# Methodenaufruf per String?



## Samson_Miller (11. Jul 2008)

Ich habe eine .jsp Seite auf der zwei Select Boxen definiert werden.


```
<select name="prefix" >
	<option value="get">get</option>
	<option value="set">set</option>
</select>

<select name="suffix" >
	<option value="Error">Error</option>
	<option value="Message">Message</option>
</select>
```

Auf der Seite des Servers möchte ich nun in Abhängigkeit von der Auswahl des Benutzers die jeweilige Methode aufrufen.
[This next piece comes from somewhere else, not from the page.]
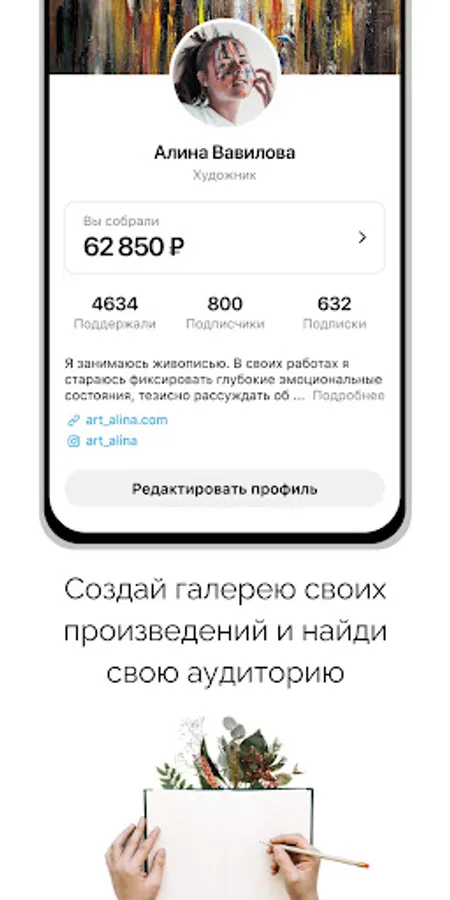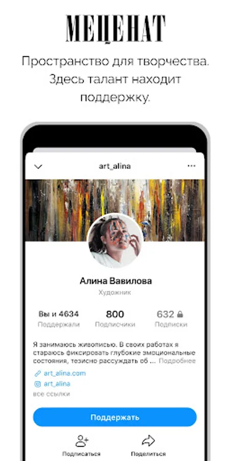 Tell your subscribers, friends, acquaintances about the opportunity to support you by sharing a link to your profile in the Patron application.
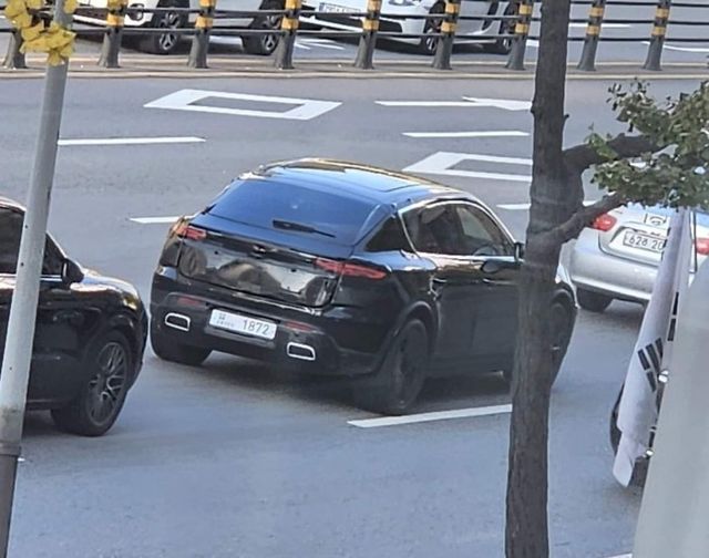 측면에서 촬영한 사진을 보면 제네시스 GV60과 유사한 디자인 포인트가 있다는 해석도 나온다.

Der Methodenname setzt sich aus den ausgewählten Einträgen beider Selectboxen zusammen, also "getError", "getMessage", "setError" oder "setMessage".
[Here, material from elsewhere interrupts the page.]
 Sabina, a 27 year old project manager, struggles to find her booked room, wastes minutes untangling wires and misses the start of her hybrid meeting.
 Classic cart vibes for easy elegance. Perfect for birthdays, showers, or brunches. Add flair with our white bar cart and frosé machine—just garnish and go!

Wie kann ich jetzt die richtige Methode aufrufen? Bisher habe ich das mit einem if else Konstrukt gemacht:


```
if(prefix.equals("get")) {
	 if(suffix.equals("Error")){
		 getError();
	 } else if(suffix.equals("Message")){
                 getMessage();
	 } 
} else if(prefix.equals("set")) {
	 if(suffix.equals("Error")){
		setError();
	 } else if(suffix.equals("Message")){
		setMessage();
	 } 
}
```

Gibt es da vielleicht eine einfachere Möglichkeit? Vielleicht die Methode über die Konkatenation der beiden Strings aufrufen, also:


```
prefix+suffix+"();"
```

geht das überhaupt?


----------



## SlaterB (11. Jul 2008)

mit Reflection geht das, aber schön ist das ganz gewiss nicht,

mal sehen ob dir jemand einen Befehl wie "System"+"."+"exit()" reinhackt oder schlimmeres


----------



## quippy (11. Jul 2008)

Reflection ist durchaus was feines - aber auch schwehr zu beherrschen und hat auch andere Nachteile (z.B. wenn man Crossreferenzlisten erstellen muss)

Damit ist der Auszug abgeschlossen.